Thursday, 8 October 2015

The Big Lie, by Julie Mayhew

Jessika Keller is a good girl. She knows she is; it’s her duty, after all: to be faithful, to be pure, to be German. She is German and she is British, but it is really only the German part that matters. It is 2014 and she is the 16/17-year-old daughter of a high-ranking official of the Greater German Reich. She is going to be a champion ice skater and her best friend is Clementine Hart.

Correction. Her best friend was Clementine Hart.

The title of this book, The Big Lie, references an expression coined by Adolf Hitler in his book Mein Kampf: it is much easier to convince the masses of a big lie than of a small one. Julie Mayhew’s use of the term for the title of her novel seems to allude to the big lie that her fast-forwarded version of the Nazi regime has created: Jessika’s world is one where they are told that they are the best of the best and everyone else, everyone who isn’t pure or doesn’t conform to the ‘government framework’ is untermensch – inferior.

It’s a tough world for us to imagine: no individuality, no freedom of expression. But for Jessika it is everything she knows. That is, until she begins to have feelings that she has no compass for, and until Clementine begins to say things and do things that make no sense to Jessika. Gradually Jess is forced to consider that perhaps there are alternatives to what she knows. We know from the start of The Big Lie that something has changed for Jessika, and as she reveals her story in flashback we discover that there are all sorts of lies – big and small – that being good is not always straightforward, and perhaps the worst thing of all is the lie of omission.

Julie Mayhew has constructed her story really well, from the way she leads us to question why exactly Jess’s father ‘tipped Herr Hart off’ about the house next door being available, how Jessika believes she is helping her friend whilst actually informing on her, and how the Greater German Reich engineers a visit from a US pop star in a way that turns him from being exciting and forbidden to a disappointment. Jessika is an unreliable narrator – she tells us what she chooses to tell us, leading us in one direction, and then revealing that actually there was a whole other part that she left out. How much more has she omitted to tell us? There are all sorts of interesting parallels here between this technique of story telling and the way that the Greater German Reich has indoctrinated her and the rest of the German/British population.

Alternate History’ novels and the question of ‘what if the Nazis won the war?’ are certainly not new, but one of the really interesting things about them is that there are so many directions to take – there are basically endless possibilities and endless stories that could be told using this technique. The Big Lie takes a fairly straightforward approach to its tale, but this is nonetheless very effective. I did feel there were maybe one or two questionable plot turns – how does Frau Keller find out about Jess’s dalliance with GG and, after the explosive events of the concert (which bring everything to a head for Jessika), why do they choose to act against Jessika at the strange point in time that they ultimately choose? But these are little things, and perhaps feed into both the bigger atmosphere of ‘big brother is watching you’ and Jess’s semi-unreliable narrative.

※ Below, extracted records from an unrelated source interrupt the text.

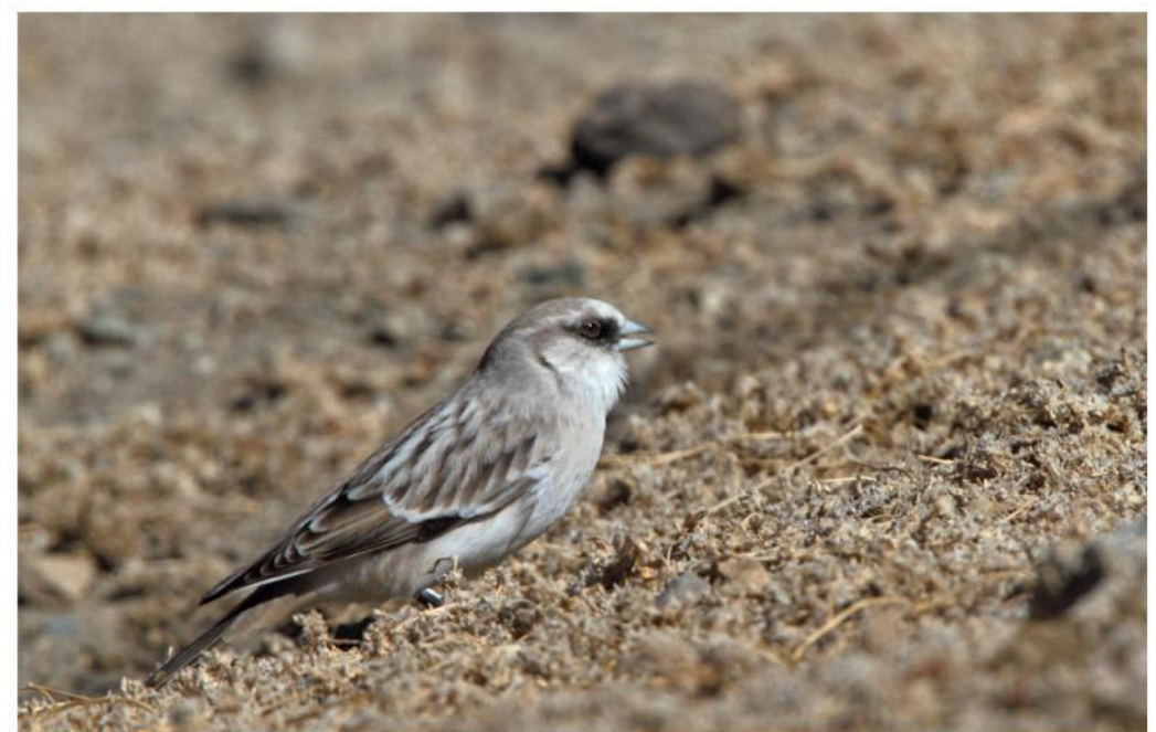
White-rumped Snowfinch (Pyrgilauda taczanowskii) by Chewang R Bonpo

The fourth day of the tour was spent in Yumgthang and Yumesamdong area of Lachung with the following species of the birds such as Grandala ( Grandala coelicolor ) (around 100 individuals in flock of 4), White-throated Redstart ( Phoenicurus schisticeps ) a group of five to six birds (seems to be migrating down to low altitude), a pair of nesting Himalayan Griffon Vulture (Gyps himalayensis), an Individual of Golden Eagle ( Aquila chrysaetos ), Ibisbill ( Ibidorhyncha struthersii ) (four birds) in Yumthang River followed by 4 individuals of White-throated Dipper ( Cinclus cinclus ) (two sub-adult birds), a couple of Black-face Laughingthrush ( Trochalopteron affine ), a dozen of Coal tit ( Periparus ater ), Rufous vented Tit ( Periparus rubidiventris ), Grey-crested Tit ( Lophophanes dichrous ) and Goldcrest ( Regulus regulus himalayensis ).
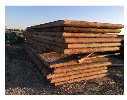
3.10.1 Rig Mats
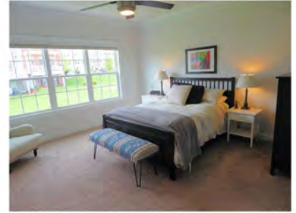
Large master bedroom, master bath with separate tub & shower, dual vanity, walk-in closet.
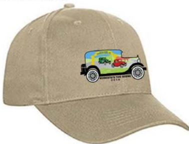
Khaki Hat Location: Front Panel

Khaki Hat with matching adjustable Velcro hook & loop closure.
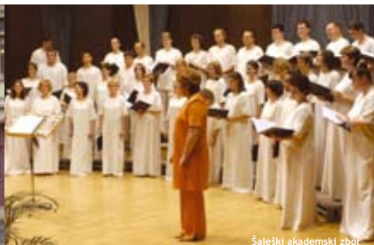
Šaleški akademski zbor

There is another really excellent new YA Nazi alternate history book out this autumn, Wolf By Wolf by Ryan Graudin, but it could not be more different to The Big Lie. What I think Julie Mayhew’s novel made me think more of is another novel altogether: Seed by Lisa Heathfield. Seed is the story of Pearl, who grows up in a small community/cult, and I can see a lot of similarities between Pearl’s indoctrination in her community’s rituals and beliefs and Jessika’s – they are simply performed on a different scale.

How many lies has Jessika been told? Perhaps we’ll never know, but as she becomes an expert on zwischenraum – the space in between, like twilight – it certainly gets the reader thinking. She is stuck in this space in between: neither good nor bad, neither liar nor truth teller, neither child nor adult; never quite free. Thank goodness the Nazis did not win the war – but, nevertheless, there are still plenty of places around the world, big and small, where children and adults are conditioned. It is probably even happening on your own doorstep, albeit hopefully to a lesser extreme: what do you believe in that isn’t true? As Mayhew said in an online interview about the book, “We all get subtle messages about race, class and gender as we grow up - messages that often need to be challenged.”